Wednesday, September 16, 2009

And Let's Deny Orphans, While We're At It...

As all Serious Adults know, reform must happen in small increments and include everybody--EVEN PEOPLE YOU MIGHT NOT AGREE WITH. This is called being a moderate, or centrist, a label that is valued in Washington, DC even more than air itself. It shows your colleagues that you don't actually believe in anything, which is to be avoided at all costs, lest you be labeled an "ideologue." That's why health care reform must--SIMPLY MUST DON'T YOU UNDERSTAND--include health insurance companies.

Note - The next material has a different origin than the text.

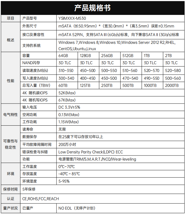 YSIMXXX-M530產(chǎn)品采用2通道SSD控制器和3D NAND Flash,接口尺寸為 mSATA,小巧的尺寸讓該產(chǎn)品可以集成在平臺(tái)內(nèi)。

But then there's also this. According to insurance companies, getting beaten by your husband counts as a pre-existing condition. Yeah. HuffingtonPost is reporting:

It turns out that in eight states, plus the District of Columbia, getting beaten up by your spouse is a pre-existing condition.

Under the cold logic of the insurance industry, it makes perfect sense: If you are in a marriage with someone who has beaten you in the past, you're more likely to get beaten again than the average person and are therefore more expensive to insure.

I can't imagine a more perfectly distilled illustration of the brutal logic of capitalism. A company that exists to make money by denying care to sick people (and make no mistake, that is exactly what a health insurance company is), extends an already corrupt and revolting practice--denying care due to "pre-existing conditions"--to include people who aren't sick, but are victims of abuse.

And, according to Huffpo, this practice has been happening since at least the early 90s, when insurance companies promised to end this practice during Clinton's push for reform. Surprise, surprise, that didn't happen, because, oh, I don't know, maybe because ANYONE EVIL ENOUGH TO DENY COVERAGE TO A VICTIM OF DOMESTIC ABUSE MIGHT DO ANYTHING TO MAKE A BUCK, INCLUDING LYING ABOUT ENDING THAT PRACTICE BUT THEN CONTINUING TO DO IT. That's just one theory, though, there might be others.

To give credit where it's due, in 2006 Senate Democrats tried to outlaw the practice, but the Republicans stymied the measure.

Let's invite everyone to the Big Table for Reform! Sigh.